Recorded data Block Start

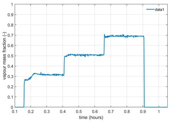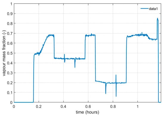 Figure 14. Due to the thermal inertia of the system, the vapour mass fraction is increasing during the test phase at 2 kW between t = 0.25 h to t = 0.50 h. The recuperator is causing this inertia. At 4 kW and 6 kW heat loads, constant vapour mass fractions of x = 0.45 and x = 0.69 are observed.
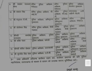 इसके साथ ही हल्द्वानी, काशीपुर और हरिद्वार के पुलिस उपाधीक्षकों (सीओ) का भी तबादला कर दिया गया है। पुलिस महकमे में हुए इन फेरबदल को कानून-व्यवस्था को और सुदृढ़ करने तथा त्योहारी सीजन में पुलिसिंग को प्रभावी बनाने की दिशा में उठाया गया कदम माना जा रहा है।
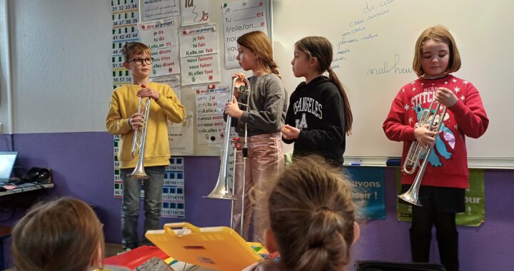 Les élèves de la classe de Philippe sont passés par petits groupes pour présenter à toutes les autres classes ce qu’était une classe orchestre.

Recorded data Block End

What you return should be all of the material above, exactly, and none of its pictures.

* Answer box
 Figure 14. Due to the thermal inertia of the system, the vapour mass fraction is increasing during the test phase at 2 kW between t = 0.25 h to t = 0.50 h. The recuperator is causing this inertia. At 4 kW and 6 kW heat loads, constant vapour mass fractions of x = 0.45 and x = 0.69 are observed.
 इसके साथ ही हल्द्वानी, काशीपुर और हरिद्वार के पुलिस उपाधीक्षकों (सीओ) का भी तबादला कर दिया गया है। पुलिस महकमे में हुए इन फेरबदल को कानून-व्यवस्था को और सुदृढ़ करने तथा त्योहारी सीजन में पुलिसिंग को प्रभावी बनाने की दिशा में उठाया गया कदम माना जा रहा है।
 Les élèves de la classe de Philippe sont passés par petits groupes pour présenter à toutes les autres classes ce qu’était une classe orchestre.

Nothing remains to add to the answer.